Muse Reviews: 2 November

Pierre Huyghe's stange and beautiful work; Jane and Louise Wilson's 'Undead Sun'; and Schiele's uneasy nudes

Crouching Woman with Green Kerchief (detail; 1914), Egon Schiele. The Leopold Museum, Vienna

A round-up of the week’s reviews and interviews

Untitled (1952–53), Mark Rothko. Guggenheim Bilbao Museoa

Guggenheim Bilbao lets its collection speak for itself (Matilda Bathurst)

Twenty years after establishing the partnership with the Solomon R. Guggenheim Foundation, the museum is staging ‘The Art of our Time’, a sequel to its inaugural show ‘The Art of this Century’…The curation emphasises the distinct identity of Bilbao’s collection and its development over the last two decades…A distinct emphasis on Abstract Expressionism and Pop Art is balanced by a local focus on Basque art, specifically the sculptures of Eduardo Chillida and Jorge Oteiza.

Crouching Woman with Green Kerchief (detail; 1914), Egon Schiele. The Leopold Museum, Vienna

An Aura of Unease: Egon Schiele at the Courtauld Gallery (Nadia Connor)

Schiele’s use of pornographic tropes and very young models, combined with his emphasis on bodily awkwardness, contortion and distortion give these images their distinct aura of unease. Here there are no milky nudes, smooth-bodied and luxuriant; there are no decorative Seccessionist dream-women, after his mentor Gustav Klimt…In Schiele’s vision, to observe, or to have a body is to have a difficulty.

Undead Sun © Jane and Louise Wilson

Jane and Louise Wilson’s ‘Undead Sun’ at the Imperial War Museum (Melanie Vandenbrouck)

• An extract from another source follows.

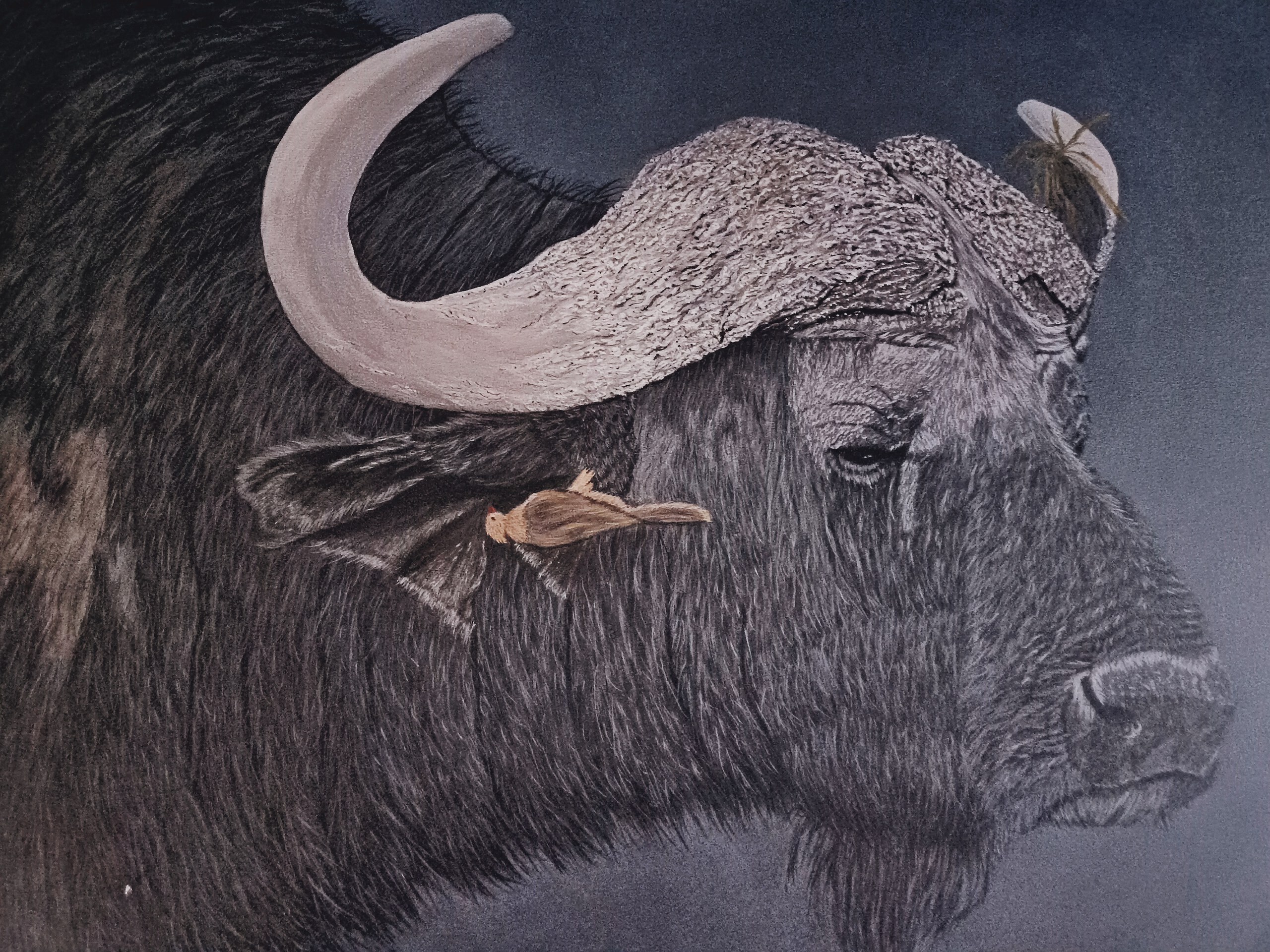Kafferbuffel met vogeltje Gloss vernis In grijze baklijst

Jane and Louise Wilson are drawn to the structures of dystopian modernity, to sites of power and experimentation that have fallen into obsolescence. For their latest work, Undead Sun…they turned to Farnborough’s Wind Tunnels, which were built at the beginning of the 20th century to study aerodynamics. In this extraordinary setting, the artists staged a sequence of scenes that – combined with animation, photographs and storytelling – suggest the technological complexity, devastating effects and ethical predicaments of modern warfare.

‘Face to Face’: the Clifford Chance collection at Sir John Soane’s Museum (Emily Burns)

The eclectic historic home of an 18th-century architect might seem an odd choice of venue for a law firm’s display of 40 modern prints…But Sir John Soane was a collector of contemporary prints of his day…So in effect, this exhibition demonstrates how Clifford Chance has continued where Soane left off. The curator, Jerzy Kierkuc-Bielinski, has done an admirable job of grouping some very varied prints according to common themes, whilst visually balancing the two rooms at his disposal.

Installation view © Pierre Huyghe. Courtesy the artist and Hauser & Wirth, London. Photo: Alex Delfanne

‘Pierre Huyghe: In. Border. Deep’ at Hauser & Wirth, London (Imelda Barnard) 

Human Mask (2014), a film by Pierre Huyghe, stands as the centrepiece of the French artist’s current show at Hauser & Wirth, his first in the UK since a 2006 exhibition at Tate Modern. It is both strange and beautiful, and consequently not dissimilar to his (notoriously uncategorisable) output to date, in which the cool conceptualism and probing intellectualism of his films, sculptures and installations has been matched by a purposeful visual elegance.

The Witches’ Rout (The Carcass) (c. 1520), Agostino Veneziano

Witches and Wicked Bodies at the British Museum (Sarah Jilani)

Temptresses, sirens, she-devils, Weird Sisters and harpies: nothing stirs the religious, social and sexual anxieties of civilisation like the supernatural feminine form. No surprise, then, that women and magic have been twinned for centuries in art, literature and folklore, and often in the eyes of the law and the Church (with violent and oppressive consequences). Aptly coinciding with Halloween, the British Museum’s exhibition ‘Witches and Wicked Bodies’ tells the story of the Witch in her ever-changing manifestations.